Ad fraud comes in many shapes and is continually changing. At AdExchanger’s recent Clean Ads I/O conference I heard two of the speakers, Michael Tiffany, co-founder and CEO of White Ops, and Douglas de Jager, engineering lead and manager of Google Ad Traffic Quality, mention the difference between “interesting” fraud and “non-interesting” fraud.
“Interesting” fraud is where hardworking adversaries are carefully trying to pass off fake traffic as legitimate. For example, they may limit the amount of traffic coming from a particular robot, and take many other steps to try to make the traffic look similar to typical human traffic.
“Non-interesting” is where the fraudster or source of the traffic is not being careful and is leaving obvious indications that they are not legitimate traffic. In some cases, the non-human traffic may be serving some non-advertising purpose and loading webpages (and thus ads) for some legitimate reason. In these cases, the person running the robot is not intending to drive non-human ads, but if the ad sellers, exchanges and buyers aren’t careful, they may accidentally buy or sell ads that will not be shown to a human. For example, web crawlers (frequently referred to as spiders) analyze many sites/pages on the Internet to provide high quality search results. These crawlers load each page and may often load the part of the page that contains an ad.

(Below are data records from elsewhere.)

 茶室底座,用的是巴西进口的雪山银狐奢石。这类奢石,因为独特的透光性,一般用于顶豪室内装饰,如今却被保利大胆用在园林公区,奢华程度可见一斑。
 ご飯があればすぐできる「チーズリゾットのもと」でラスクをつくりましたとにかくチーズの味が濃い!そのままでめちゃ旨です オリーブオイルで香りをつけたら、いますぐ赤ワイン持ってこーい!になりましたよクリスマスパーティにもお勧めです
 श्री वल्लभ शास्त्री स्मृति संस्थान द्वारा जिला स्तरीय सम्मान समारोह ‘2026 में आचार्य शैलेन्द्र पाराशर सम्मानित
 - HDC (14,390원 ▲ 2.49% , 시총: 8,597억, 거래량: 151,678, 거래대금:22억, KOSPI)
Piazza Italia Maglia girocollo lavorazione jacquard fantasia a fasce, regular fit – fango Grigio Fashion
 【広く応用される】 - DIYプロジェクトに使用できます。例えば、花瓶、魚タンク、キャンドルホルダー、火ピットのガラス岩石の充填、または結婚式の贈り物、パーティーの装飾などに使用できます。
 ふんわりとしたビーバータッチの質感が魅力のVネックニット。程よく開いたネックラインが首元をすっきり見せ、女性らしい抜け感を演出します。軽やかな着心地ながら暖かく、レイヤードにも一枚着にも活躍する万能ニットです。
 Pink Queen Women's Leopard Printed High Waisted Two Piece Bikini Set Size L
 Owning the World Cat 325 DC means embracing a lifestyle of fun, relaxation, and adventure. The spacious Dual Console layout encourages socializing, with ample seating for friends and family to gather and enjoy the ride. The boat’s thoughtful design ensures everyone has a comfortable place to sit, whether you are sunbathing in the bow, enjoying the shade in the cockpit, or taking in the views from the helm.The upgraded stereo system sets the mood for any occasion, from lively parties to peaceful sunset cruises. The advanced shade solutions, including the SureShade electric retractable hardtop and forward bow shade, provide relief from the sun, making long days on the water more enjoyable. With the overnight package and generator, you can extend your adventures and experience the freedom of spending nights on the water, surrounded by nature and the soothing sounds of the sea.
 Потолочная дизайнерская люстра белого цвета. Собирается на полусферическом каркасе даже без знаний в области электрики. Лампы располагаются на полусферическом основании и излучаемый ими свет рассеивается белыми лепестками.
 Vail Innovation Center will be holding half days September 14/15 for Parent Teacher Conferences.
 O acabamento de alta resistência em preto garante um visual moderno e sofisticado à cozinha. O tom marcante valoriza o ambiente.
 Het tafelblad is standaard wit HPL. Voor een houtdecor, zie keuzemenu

As fraudulent players continue to find opportunities to exploit the rapid, continued growth and investment in digital advertising with “interesting” and “non-interesting” fraud, the industry has taken great strides to combat fraud. Organizations across the ad tech ecosystem have developed protocols and technologies to combat fraud as nefarious players vigilantly evolve their methods. At Quantcast, we have a dedicated Inventory Quality team of specialized engineers devoted to tackling this industry challenge. We continuously monitor fraudulent behavior and advance techniques that detect constantly evolving non-human behavioral patterns in order to protect both our advertiser and publisher partners.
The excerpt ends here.